Organizing for Action Chairman Jim Messina, who announced following critical coverage that the group would not accept donations from corporations, federal lobbyists or foreign donors. (AP Photo/Charles Dharapak.)
What are we to make of Organizing for Action?
OFA—the direct descendant of those other OFAs, Obama for America and Organizing for America—has recently been drawing headlines and inspiring headaches. That’s because it’s an organization with multiple souls. On the one hand, OFA promises to finally do what the Obama team failed to four years ago: Engage and mobilize the campaign’s grassroots volunteer army into a potent force for fighting Republican obstructionism after the election. On the other hand, OFA itself is structured in a way that encapsulates much of what’s broken about our current politics: big-dollar donors trading money for access. Can OFA both exemplify our predicament and ameliorate it?
Last weekend, OFA drew scorching critiques from the editorial boards of the The Washington Post and the The New York Times. Both expressed understandable alarm over OFA’s funding structure: The plan is reportedly to raise half of the organization’s budget in donations of over $500,000, and to reward those donations with quarterly “advisory board” meetings between top donors and the president himself. The Post said the group “should be renamed Paying for Access.” The Times called the funding structure “nothing more than a fancy way of setting a price for access to Mr. Obama.” (The White House pushed back on the report on Monday.)
Common Cause President Bob Edgar was at least as harsh, saying last week that the new OFA “apparently intends to extend and deepen the pay-to-play Washington culture that Barack Obama came to prominence pledging to end.”
As both papers noted, the Obama strategists (including Obama for America Campaign Manager-turned-Organizing for Action Chairman Jim Messina) behind OFA have particular financial flexibility because they’ve organized the group as a 501(c)(4) “social welfare group,” exempt from many requirements under our broken system of campaign finance law. That’s a system that the president has repeatedly recognized needs reform.

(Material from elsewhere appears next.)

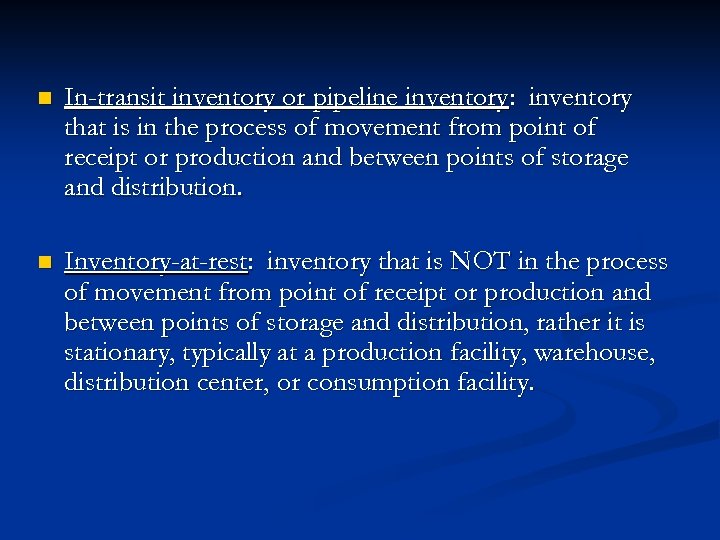 n In-transit inventory or pipeline inventory: inventory that is in the process of movement from point of receipt or production and between points of storage and distribution. n Inventory-at-rest: inventory that is NOT in the process of movement from point of receipt or production and between points of storage and distribution, rather it is stationary, typically at a production facility, warehouse, distribution center, or consumption facility.

All of this invites charges of hypocrisy (always a tailor-made media storyline) and there have been plenty. But the Obama team is facing a challenge that doesn’t lend itself to clear-cut answers: How can you effectively do combat within the system as it exists, while also fighting to transform it? How do you plot a course that’s neither unilateral disarmament against the Right, nor surrender to Politics-As-Usual?